The first tuberculosis case linked with this outbreak, I am informed, was identified in May 2022. Before the current outbreak, the last known case of tuberculosis in the APY lands, I am informed, was in 2018. I am informed the APY cluster involves cases notified in a region that has a significant population flow between South Australia, Western Australia and the Northern Territory.
When I visited the clinic in Pukatja, I was informed that early diagnosis and treatment are the most effective means to prevent the transmission of tuberculosis. The risk of transmission decreases within days of commencing the appropriate antibiotic treatment for TB, but compliance with the treatment is critical. If I am remembering correctly, the health professionals told me it is, I think, one tablet three times a day for six months that is needed as part of the treatment regime. At that stage, they had an almost 100 per cent compliance with the treatment regime, which is a remarkable effort in a place like the APY lands where there is movement with people throughout the APY lands and often health professionals have to meet and treat people in their own homes.
I am also informed that SA Tuberculosis Services and the Aboriginal public health team within SA Health have developed comprehensive plans for ongoing public health actions in the APY lands, including further community engagement, case treatment, contact tracing, active case finding and community-wide screenings.
As I said, the tuberculosis clinic I visited was the one that set up in Pukatja in the central APY lands. I know that the other main area that testing for cases has occurred in has been in Pipalyatjara, over the far west of the APY lands, next to the WA border. I am informed that the Chief Public Health Officer in SA continues to chair regular update meetings with counterparts in Western Australia, Northern Territory, Queensland and the commonwealth.
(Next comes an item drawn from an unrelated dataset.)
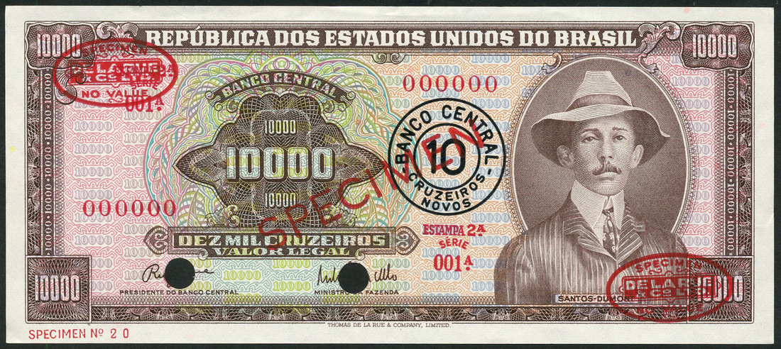(†) Republica dos Estados Unidos do Brasil, specimen 5000 Escudos, ND (1963-64), Estampa 2A, series 400, serial number 000000, red, Tiradentes at right; specimen 10 Cruzeiros Novos on 10000 Cruzeiros, ND (1966-67), Estampa 2A, series 001, serial number 000000, brown Dumont at right, both overprinted SPECIMEN in red with two De La Rue specimen ovals on obverse and reverse, two punch holes

I am also informed from my visit and from briefings with the health minister that SA Tuberculosis Services continues to work very closely with Nganampa health service, the health service that I think 40 years ago this year was established on the APY lands and remains the primary health carer for Anangu in that part of Australia, to ensure that known cases of tuberculosis are receiving clinical care, including the treatment I mentioned that is extraordinarily successful at this stage, and that ongoing treatment remains the critical element of this response. People not treated for latent TB pose an ongoing public health threat because at any time they can become infectious, which is why this ongoing process continues.